Com carinho e sem âncoras.

Eu estou há bastante tempo tentando escrever algo para continuar a preencher este blog. Já tentei escrever sobre como vejo pouco ponto de exclamação e como isso me passa uma ideia de que as pessoas não estão tão animadas com as coisas como eu gostaria que estivessem, tentei escrever sobre como me falta habilidade para conversar pela internet, tentei escrever sobre por que as pessoas choram… Nenhum deles se desenvolveu ainda, mas estão guardadinhos, esperando amadurecer. Com vontade de escrever e vendo a insistência nos assuntos citados anteriormente me ancorar, decidi deixar de lado minhas ideias e metaescrever.
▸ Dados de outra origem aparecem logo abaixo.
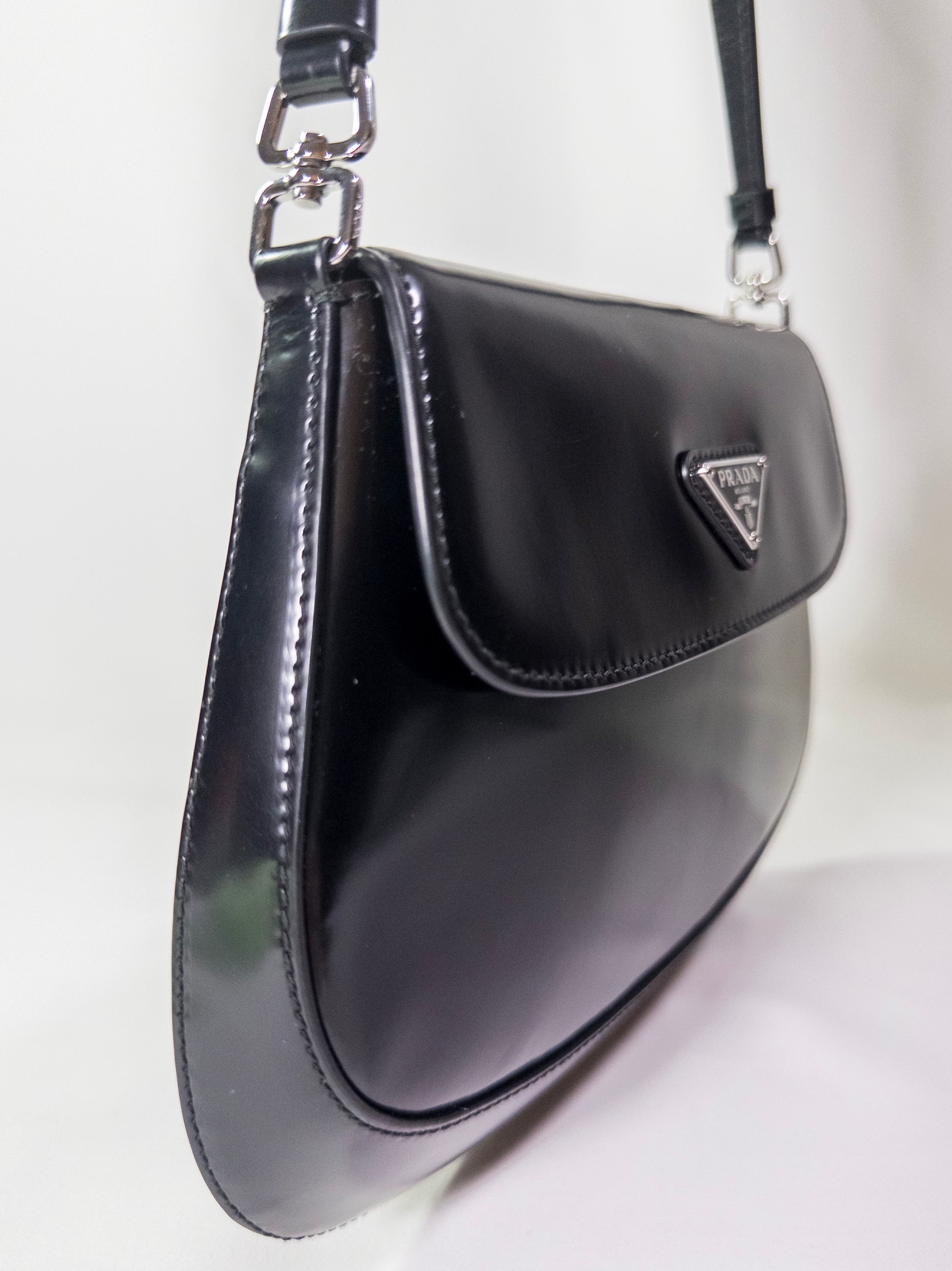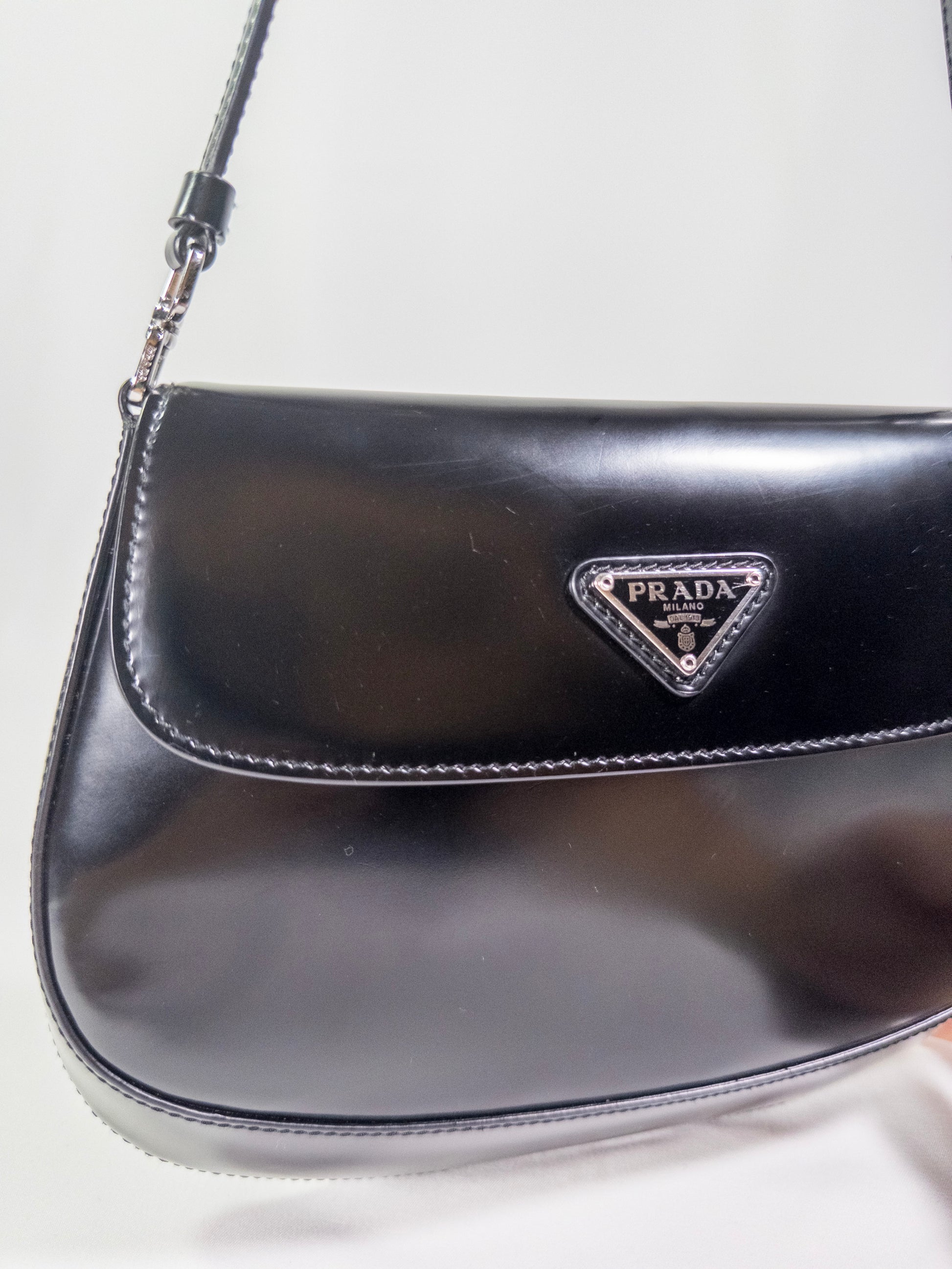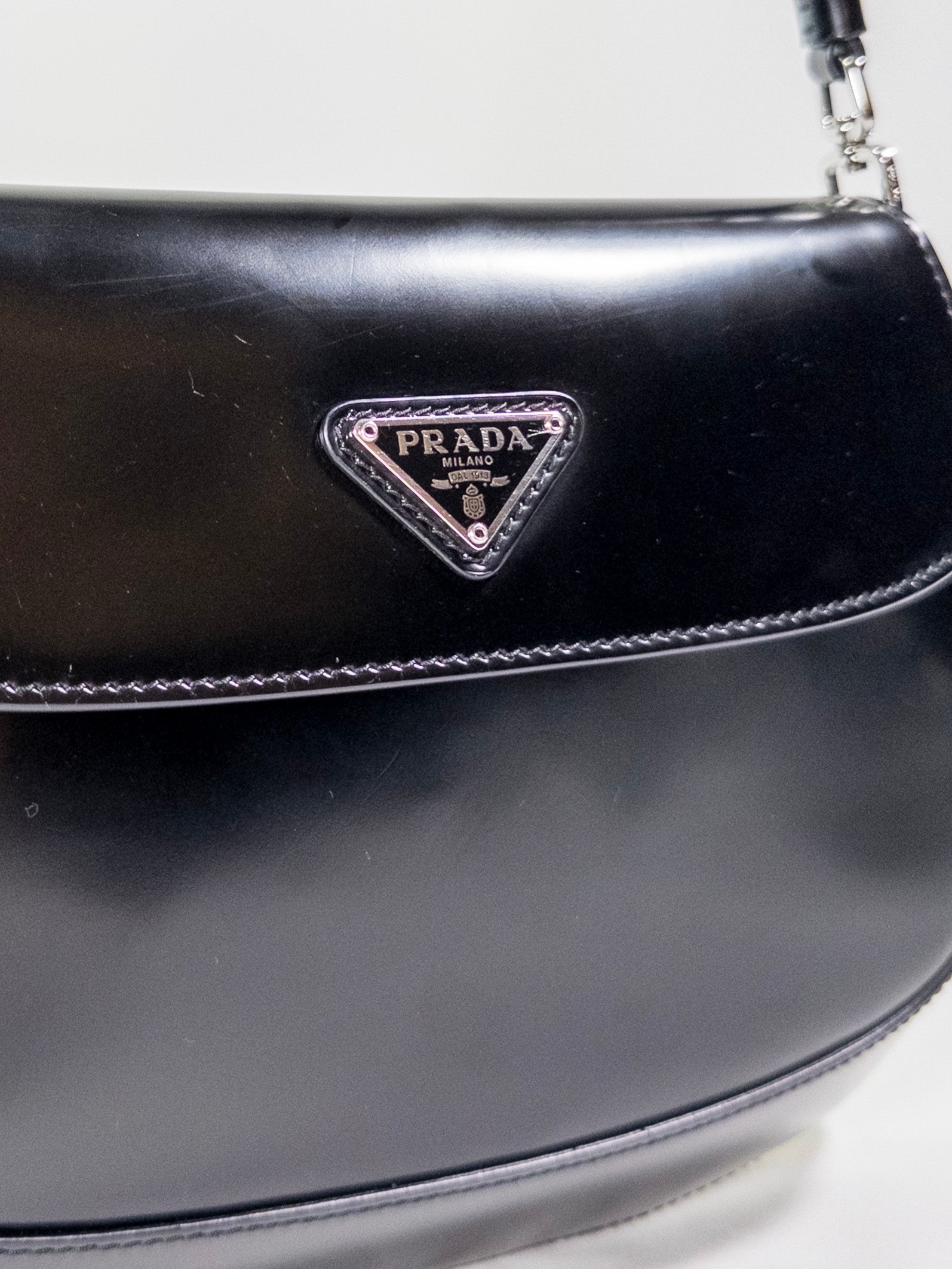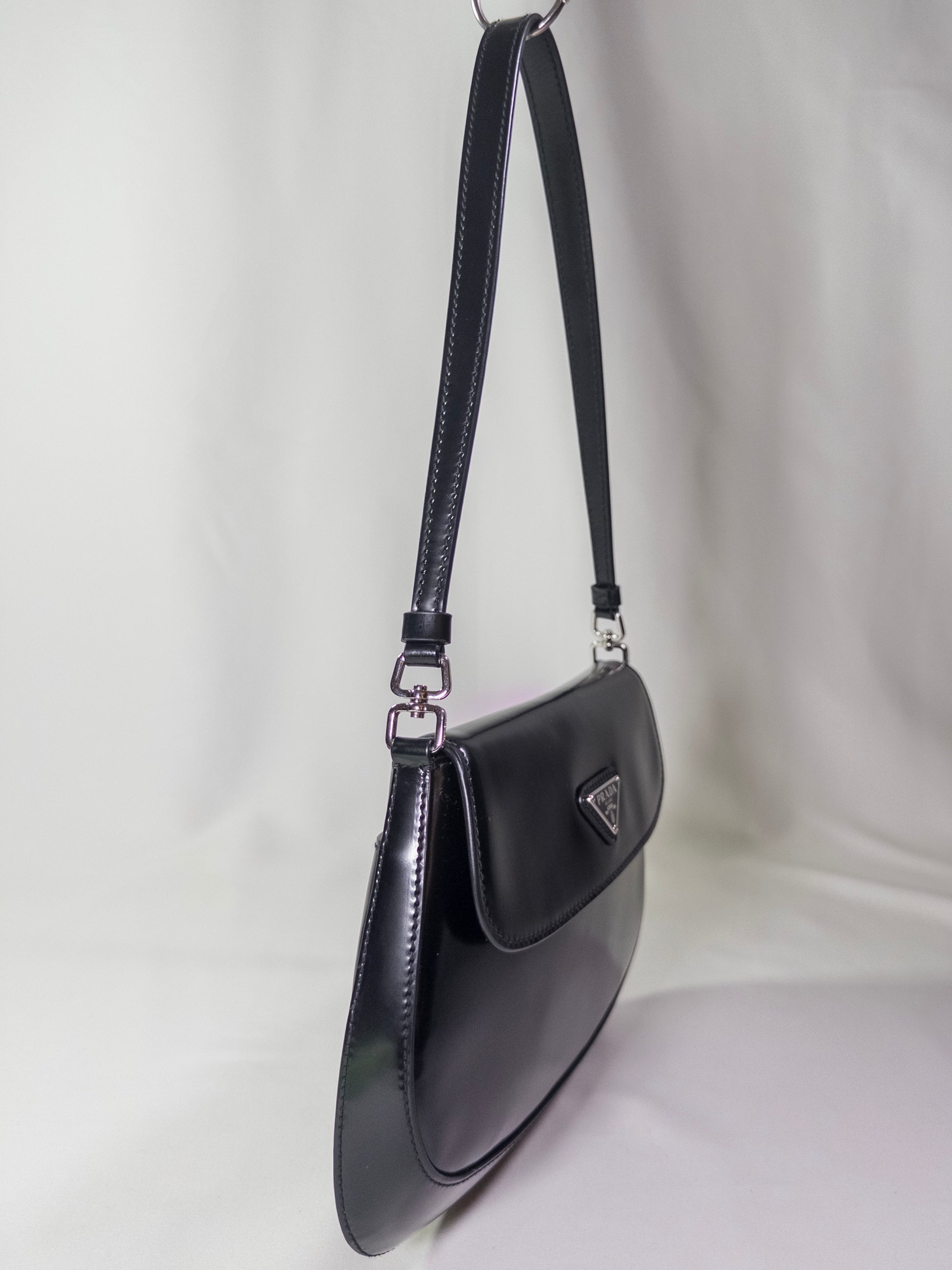 2. Crafted from brushed leather, a contemporary and versatile material synonymous with Prada collections, she opens up endless possibilities for mixing and matching with your outfits. And let's not forget the enamel triangle logo, which adds that unmistakable Prada touch to her silhouette.
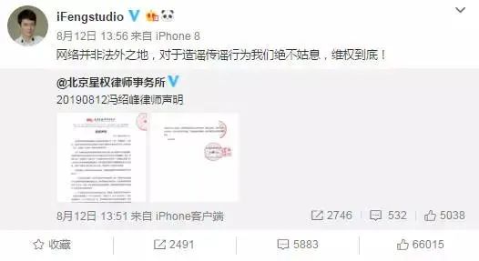 师函警告造谣者,态度强硬使得一些营销号删掉了一些谣言。然而,有一位爆料者依旧不惧怕冯绍峰的律师函警告,回应态度也很强硬,表示自己并没有造谣,就算要打官司也会奉陪到底,还发了一篇长文细说赵丽颖和冯绍峰的一些事件,内容非常详细,似乎这位爆料者掌握了不少的信息。

Faz muitos anos que escrevo. Muitos mesmo. Desde que aprendi a escrever, tenho escrito livros, piadas, contos. Claro que não posso dizer que o que eu escrevia com cinco anos de idade tem a mesma qualidade que alguma obra de Machado de Assis, mas certamente está contribuindo para que um dia eu chegue lá. Muito do que escrevo acaba incompleto. Não faço ideia de quantos livros comecei a escrever e há apenas um que outro capítulo escrito. Escrever me é fácil e difícil. Não é incomum que eu tenha ideias, elas vêm à mente como pipocas, mas desenvolvê-las é complicado. Às vezes, tenho ideia de um começo de universo, fim de estória e estes são escritos. Muitos estão até perdidos dentro de diversos discos rígidos, esperando que algum arqueólogo literário-digital os encontre e alimente o texto e ele passe a marcar o mundo. Espero que esse arqueólogo seja eu. Este texto mesmo que tu está lendo agora começou a ser escrito em abril. Estamos em junho e cá estou eu: redescobri o texto e estou preenchendo-o.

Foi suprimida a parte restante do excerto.